To use the analogy of Star Wars there is a balance to power. And when there is a disruption in power, things go wrong. To disrupt this balance by intervening in natural selection to eliminate all mosquitoes – and I do not think that anyone will support it, as there are 3,500 species of mosquitoes and very few communicable diseases – but perhaps the extermination of those who have diseases transmitted, extremely.

Nonetheless, much of the CRISPR research [which alters the DNA of mosquitoes] is aimed at rendering mosquitoes harmless by rendering them incapable of disease, but not damaging the mosquitoes themselves.

Hope Reese

Eighty-Five Percent of What We Do We are attractive to mosquitoes due to genetic factors. Can you explain? And what can we do to avoid bites?

Timothy C. Winegard

The blood type is one. According to studies, they prefer the blood group O over A, B or a mixture.

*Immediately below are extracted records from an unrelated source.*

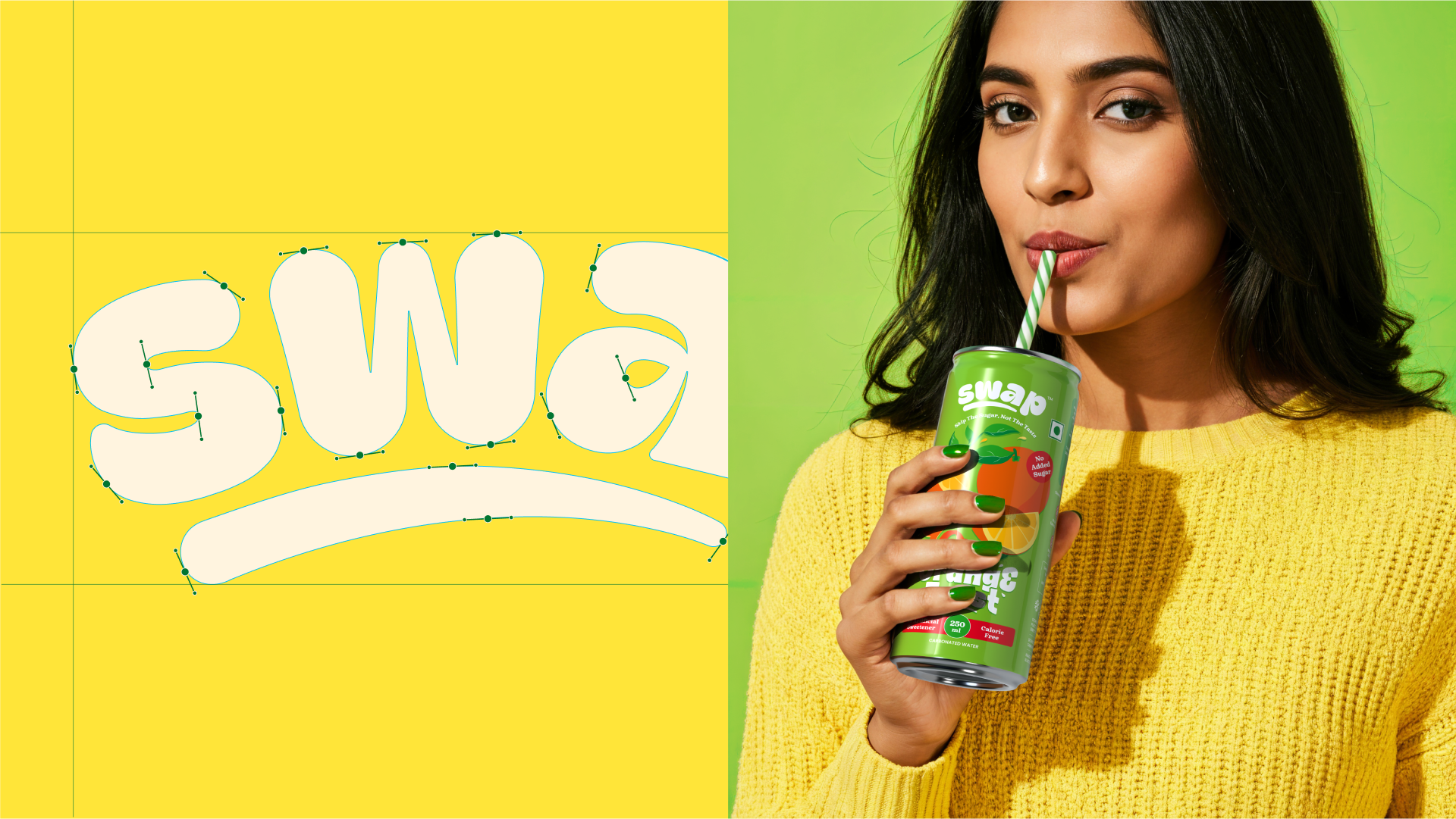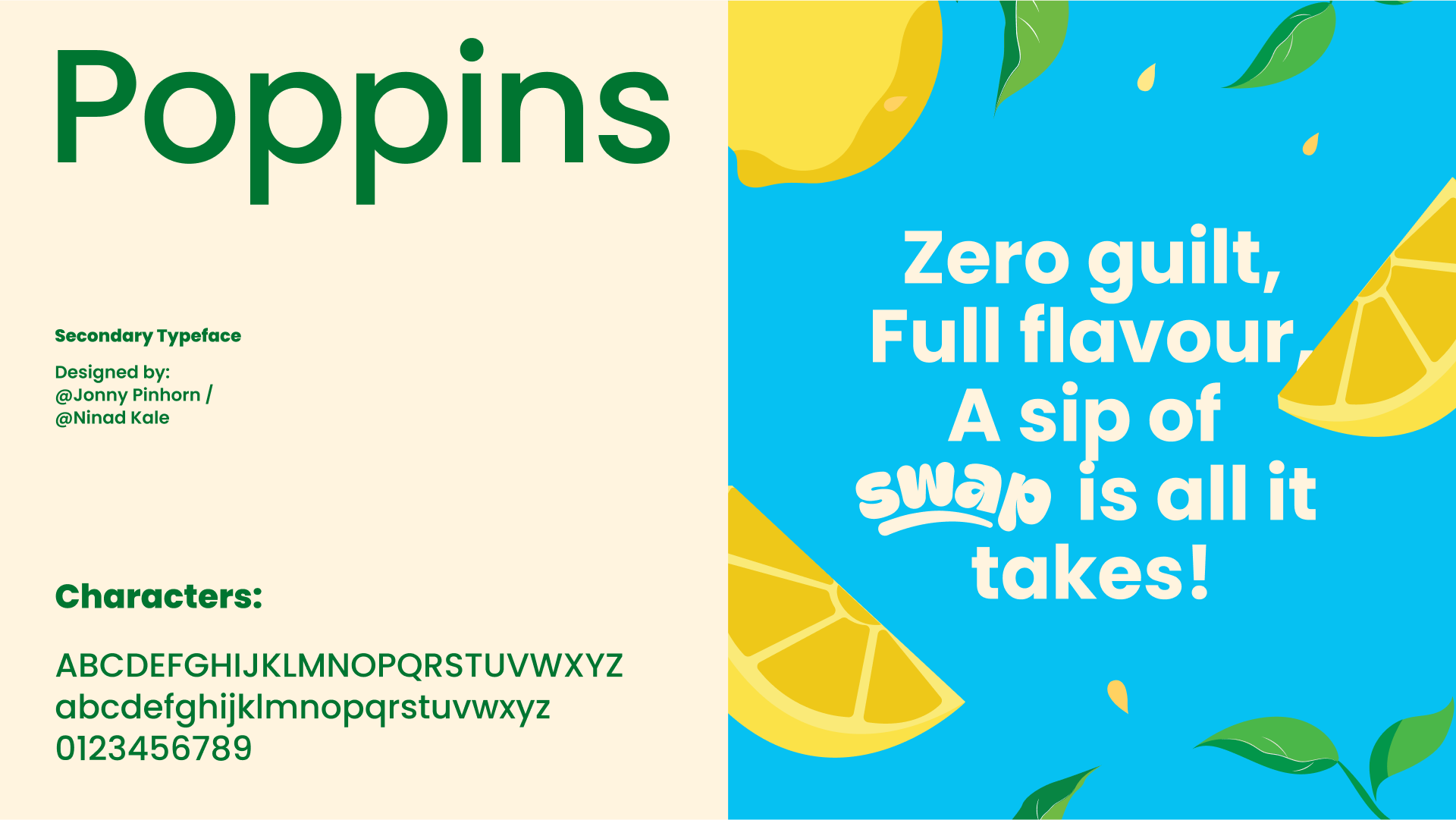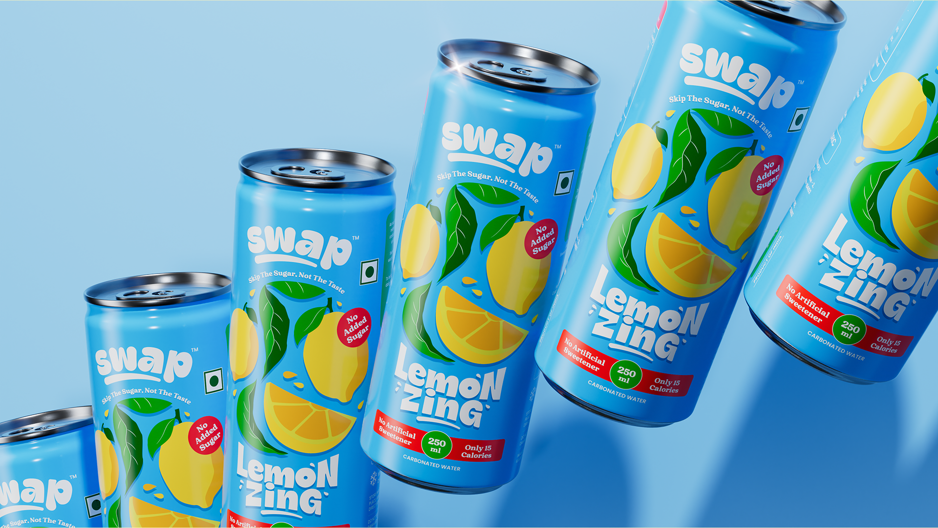 Яркая, выразительная упаковка гарантирует сильное присутствие на полке, сразу транслируя чистый состав, низкое содержание сахара и легкость без чувства вины. Типографика и иллюстрации подчеркивают свежий, авантюрный и ориентированный на здоровье характер бренда, позволяя SWAP выделяться среди конкурентов, которые чрезмерно искусственны. Каждое дизайнерское решение — от динамичного, пузырькового логотипа до насыщенной цветовой палитры — отражает главную миссию бренда: заменяй сахар, но не вкус.
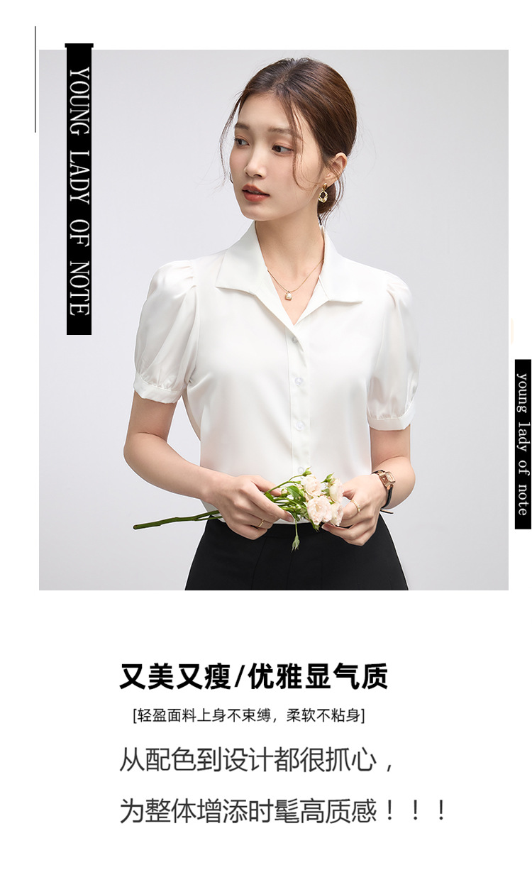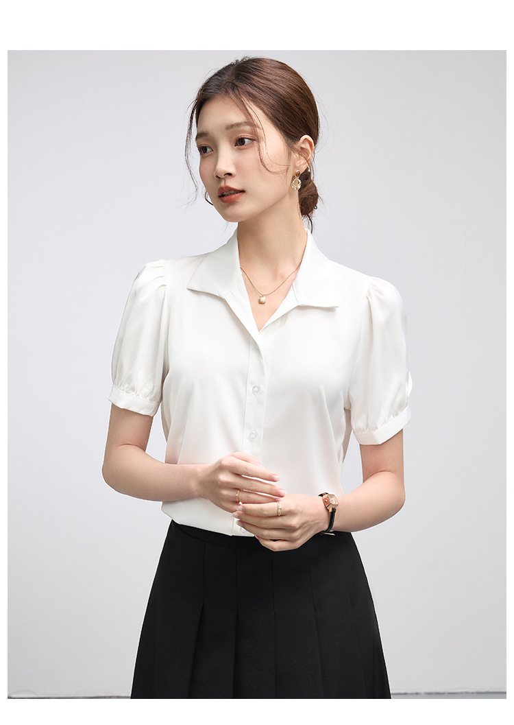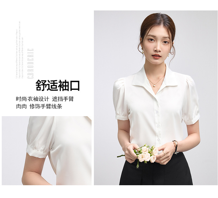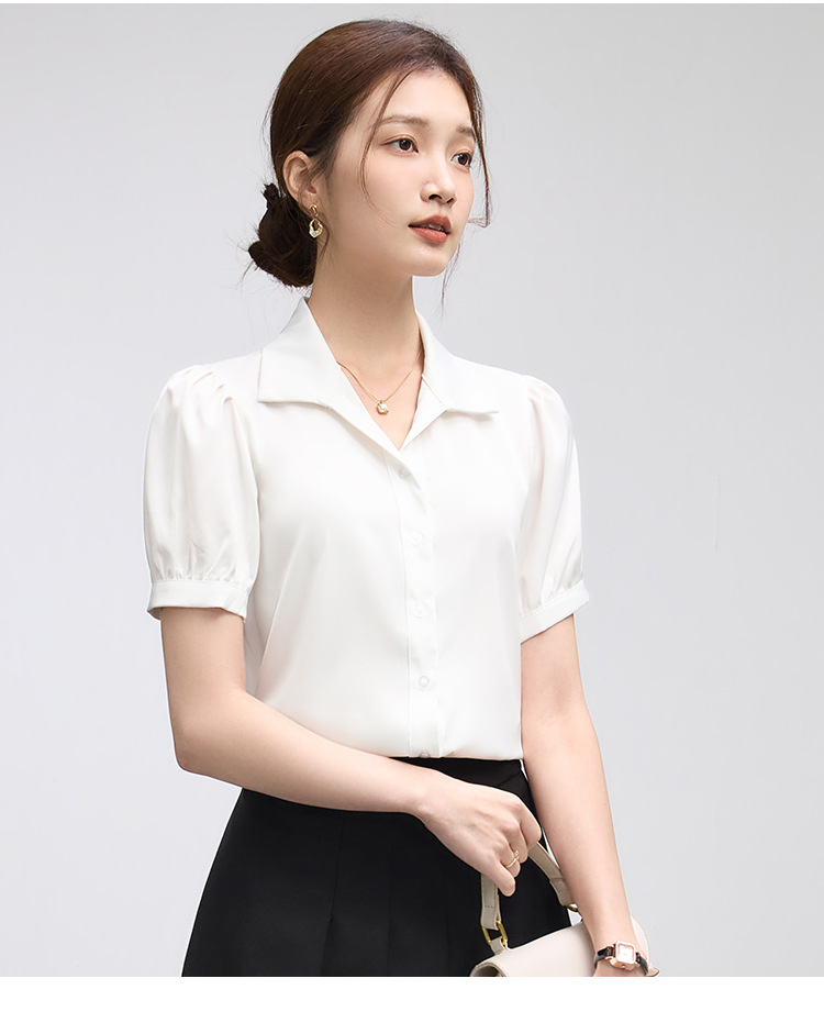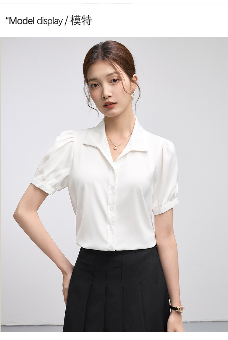 2025 여름 여성용 흰색 반팔 쉬폰 셔츠 인터뷰 탑 소형 전문 정장 셔츠스토어 가기
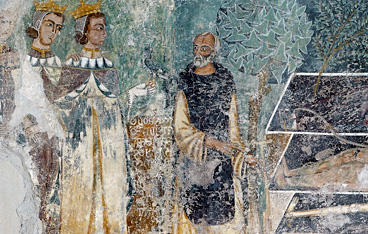 上述修复工程包括壁画,可以在教堂内部的三四面墙上欣赏到。并且在教堂的正面也保留着一些壁画,据考证均为十五世纪的艺术作品. 据最新研究考证,壁画的作家为十四世纪来自托斯卡纳的画家的名作。
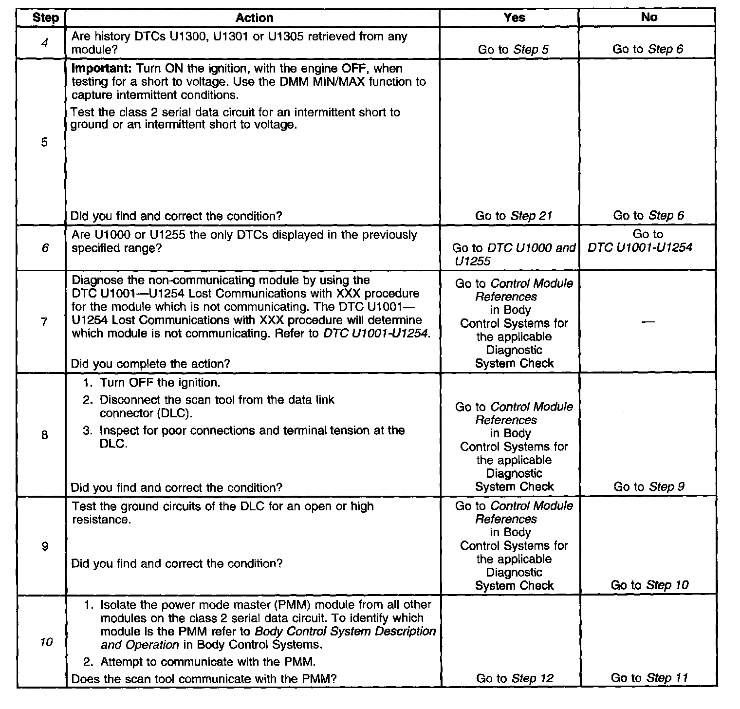 10. Normal class 2 serial data communication cannot take place until the power mode master (PMM) module sends the appropriate power mode message. If the PMM does not send a wake-up message, other modules on the class 2 serial data circuit may not communicate.
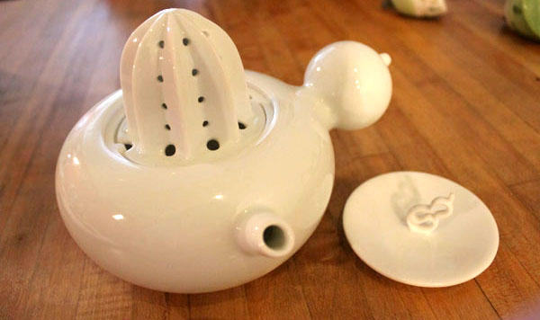 「享壺」,造型超級可愛的茶壺,握把很像之前大人物介紹的「門把馬克杯」,但其實它是個葫蘆的造型,中間的尖椎型濾網設計,在泡茶時是茶葉的濾網,但反過來就成了果汁的榨汁器,握把的圓形造型握起來非常舒服,而名字也取得非常好,很適合喜歡打麻將的朋友:「想胡」阿!
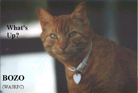 Bozo was born in a little town in New York, near a small city called Port Jervis. No, there is not water there, it is not a Port, but that's a long story. He was the only child of a Mother cat called PATCHES. She was named Patches, because she was wild, had no home and looked like she was all patched up.(a little bit like your Ham Shack). She was the color of a quilt that was made of odds and ends. Her son Bozo turned out to be an orange tiger cat. OH ! and he is what is called an "Up Tail" Cat. Some pussy cats are "up tailed" but most cats are "down tailed". It has been said that he likes the Stars, and therefore keeps his tail pointed up. Of course the tail being up, also acts as a vertical antenna and that helps with the DX. Quite a cat!
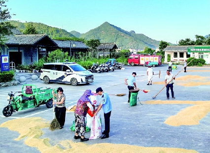 秋收之际,为有效解决周边农户晒谷难题,三门县公安局横渡派出所主动腾出门口水泥地坪供大家使用,既化解占道晒粮带来的交通拥堵及事故风险,又守护粮食颗粒归仓。图为10月13日下午,三门县公安局横渡派出所民警辅警利用工作间隙,主动协助农户抢收晾晒好的稻谷。通讯员 林利军 摄
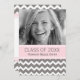 Graduation announcement custom photo card in elegant light pastel baby pink, grey and white casual and retro chevrons zigzags stripes pattern. Customise this grad photo card by adding the year of your graduation, your own photo, and your graduation details.
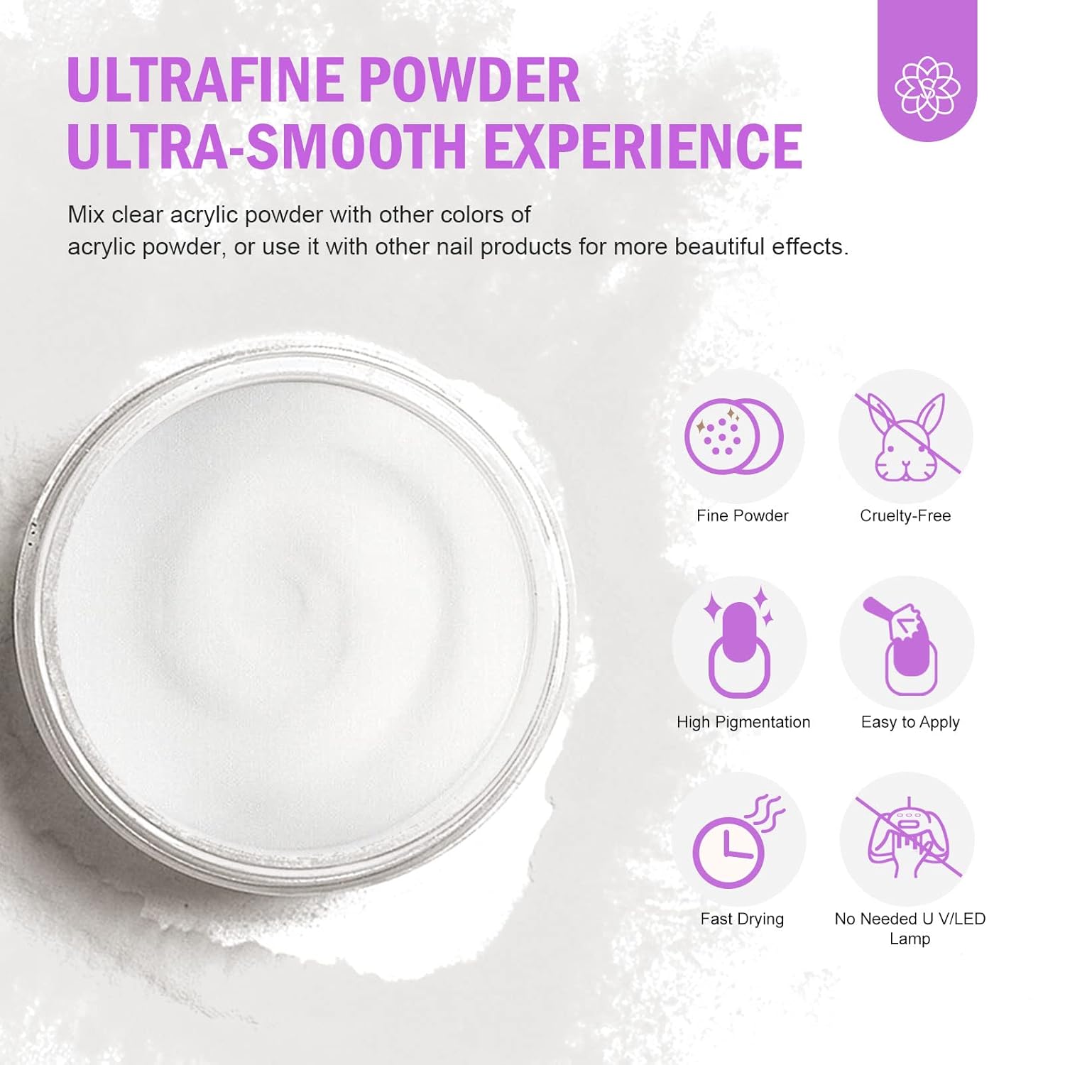 • Versatile Clear Acrylic Powder​​: Bubble-free ultra-clear acrylic nail powder is perfect for nail extensions, repairs, 3d carvings and decoration. Blends seamlessly with other colors for gradient effects, overlays and natural-looking, long-lasting acrylic nails

But there are other factors [that affect the chance of attracting mosquitoes]. Do not wear bright colors. Do not drink beer. Train less – when you train, you emit more carbon dioxide; This is essentially a magnetizer for mosquitoes. Clean your feet. The bacterium on our feet is a mosquito phosphotasis. Everywhere else on the skin is usually a deterrent, except for the feet. But most of it is hard wired into a genetic circuit board. There are myths that your hair color has an influence or that you have a darker or leatherier skin. None of this seems to be true.

But the best advice? Do not go outside during the main mosquito lessons! At the end of the day, people will shower us with bug spray, but if you miss a tiny area, they'll find it! It bypasses our best repellents.


Hope Reese is a journalist in Louisville, Kentucky. Her writing appeared in the Atlantic, the Boston Globe, the Chicago Tribune, Longreads, VICE and other publications.